Task objective »
For the entries below, print exactly the lines between the line holding "La carrera profesional" and the line holding "- Бакуліна, Наталія", inclusive, and nothing else.

Raw data »
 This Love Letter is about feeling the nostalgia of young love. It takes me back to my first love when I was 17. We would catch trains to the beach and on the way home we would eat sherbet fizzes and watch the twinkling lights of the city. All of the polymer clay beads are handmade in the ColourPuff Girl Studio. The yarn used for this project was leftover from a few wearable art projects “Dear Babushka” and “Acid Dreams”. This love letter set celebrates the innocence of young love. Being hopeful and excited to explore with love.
* * *
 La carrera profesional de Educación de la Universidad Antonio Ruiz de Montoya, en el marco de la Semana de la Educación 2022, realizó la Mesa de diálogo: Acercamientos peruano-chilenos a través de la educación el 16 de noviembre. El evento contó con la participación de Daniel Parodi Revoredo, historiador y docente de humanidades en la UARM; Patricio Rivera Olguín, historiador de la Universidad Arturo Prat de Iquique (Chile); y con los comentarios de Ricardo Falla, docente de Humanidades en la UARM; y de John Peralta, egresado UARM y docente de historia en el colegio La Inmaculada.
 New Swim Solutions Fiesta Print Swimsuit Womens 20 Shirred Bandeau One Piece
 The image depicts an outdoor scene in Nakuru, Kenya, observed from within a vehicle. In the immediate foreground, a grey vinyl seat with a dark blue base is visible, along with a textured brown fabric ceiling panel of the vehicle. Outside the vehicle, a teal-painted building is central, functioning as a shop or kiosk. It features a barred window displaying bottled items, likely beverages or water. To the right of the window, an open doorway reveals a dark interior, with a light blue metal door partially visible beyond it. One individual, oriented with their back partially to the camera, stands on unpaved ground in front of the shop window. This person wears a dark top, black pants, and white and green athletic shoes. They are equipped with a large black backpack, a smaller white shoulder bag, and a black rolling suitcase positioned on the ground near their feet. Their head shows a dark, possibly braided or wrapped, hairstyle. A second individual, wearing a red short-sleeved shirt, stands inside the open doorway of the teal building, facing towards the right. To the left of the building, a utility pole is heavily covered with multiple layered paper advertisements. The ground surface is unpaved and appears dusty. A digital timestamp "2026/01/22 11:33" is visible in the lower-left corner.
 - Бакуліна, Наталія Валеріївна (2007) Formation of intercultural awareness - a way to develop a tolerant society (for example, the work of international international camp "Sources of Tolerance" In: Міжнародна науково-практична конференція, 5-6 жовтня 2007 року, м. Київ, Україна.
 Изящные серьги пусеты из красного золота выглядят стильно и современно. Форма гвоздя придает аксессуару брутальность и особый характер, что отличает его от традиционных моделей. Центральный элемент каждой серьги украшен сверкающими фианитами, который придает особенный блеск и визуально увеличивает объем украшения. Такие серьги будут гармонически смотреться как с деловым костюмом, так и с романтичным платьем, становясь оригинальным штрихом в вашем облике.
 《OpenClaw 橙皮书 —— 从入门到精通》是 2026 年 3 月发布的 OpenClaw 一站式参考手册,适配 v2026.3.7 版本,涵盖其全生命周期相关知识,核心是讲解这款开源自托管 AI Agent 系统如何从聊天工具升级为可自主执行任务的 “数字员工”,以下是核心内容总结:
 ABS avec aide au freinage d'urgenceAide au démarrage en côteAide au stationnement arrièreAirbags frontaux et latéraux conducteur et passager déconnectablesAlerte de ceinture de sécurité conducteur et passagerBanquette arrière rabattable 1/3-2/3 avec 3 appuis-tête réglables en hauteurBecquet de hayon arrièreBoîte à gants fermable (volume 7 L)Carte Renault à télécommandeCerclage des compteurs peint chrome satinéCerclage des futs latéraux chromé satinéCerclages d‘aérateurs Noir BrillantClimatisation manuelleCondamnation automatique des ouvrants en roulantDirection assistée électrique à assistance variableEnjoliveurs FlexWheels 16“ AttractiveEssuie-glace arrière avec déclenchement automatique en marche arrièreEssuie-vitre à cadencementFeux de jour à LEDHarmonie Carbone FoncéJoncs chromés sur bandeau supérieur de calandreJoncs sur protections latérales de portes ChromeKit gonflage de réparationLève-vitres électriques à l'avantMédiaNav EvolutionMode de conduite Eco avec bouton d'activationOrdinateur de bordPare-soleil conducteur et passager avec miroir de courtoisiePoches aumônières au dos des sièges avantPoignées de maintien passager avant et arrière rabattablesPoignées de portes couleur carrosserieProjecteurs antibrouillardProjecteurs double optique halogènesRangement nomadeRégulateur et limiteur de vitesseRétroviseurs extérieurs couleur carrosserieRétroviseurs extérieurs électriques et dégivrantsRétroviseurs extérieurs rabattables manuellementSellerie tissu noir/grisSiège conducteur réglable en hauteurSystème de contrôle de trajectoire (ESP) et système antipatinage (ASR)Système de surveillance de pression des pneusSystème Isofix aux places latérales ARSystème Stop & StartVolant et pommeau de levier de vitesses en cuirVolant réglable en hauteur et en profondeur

Task answer »
 La carrera profesional de Educación de la Universidad Antonio Ruiz de Montoya, en el marco de la Semana de la Educación 2022, realizó la Mesa de diálogo: Acercamientos peruano-chilenos a través de la educación el 16 de noviembre. El evento contó con la participación de Daniel Parodi Revoredo, historiador y docente de humanidades en la UARM; Patricio Rivera Olguín, historiador de la Universidad Arturo Prat de Iquique (Chile); y con los comentarios de Ricardo Falla, docente de Humanidades en la UARM; y de John Peralta, egresado UARM y docente de historia en el colegio La Inmaculada.
 New Swim Solutions Fiesta Print Swimsuit Womens 20 Shirred Bandeau One Piece
 The image depicts an outdoor scene in Nakuru, Kenya, observed from within a vehicle. In the immediate foreground, a grey vinyl seat with a dark blue base is visible, along with a textured brown fabric ceiling panel of the vehicle. Outside the vehicle, a teal-painted building is central, functioning as a shop or kiosk. It features a barred window displaying bottled items, likely beverages or water. To the right of the window, an open doorway reveals a dark interior, with a light blue metal door partially visible beyond it. One individual, oriented with their back partially to the camera, stands on unpaved ground in front of the shop window. This person wears a dark top, black pants, and white and green athletic shoes. They are equipped with a large black backpack, a smaller white shoulder bag, and a black rolling suitcase positioned on the ground near their feet. Their head shows a dark, possibly braided or wrapped, hairstyle. A second individual, wearing a red short-sleeved shirt, stands inside the open doorway of the teal building, facing towards the right. To the left of the building, a utility pole is heavily covered with multiple layered paper advertisements. The ground surface is unpaved and appears dusty. A digital timestamp "2026/01/22 11:33" is visible in the lower-left corner.
 - Бакуліна, Наталія Валеріївна (2007) Formation of intercultural awareness - a way to develop a tolerant society (for example, the work of international international camp "Sources of Tolerance" In: Міжнародна науково-практична конференція, 5-6 жовтня 2007 року, м. Київ, Україна.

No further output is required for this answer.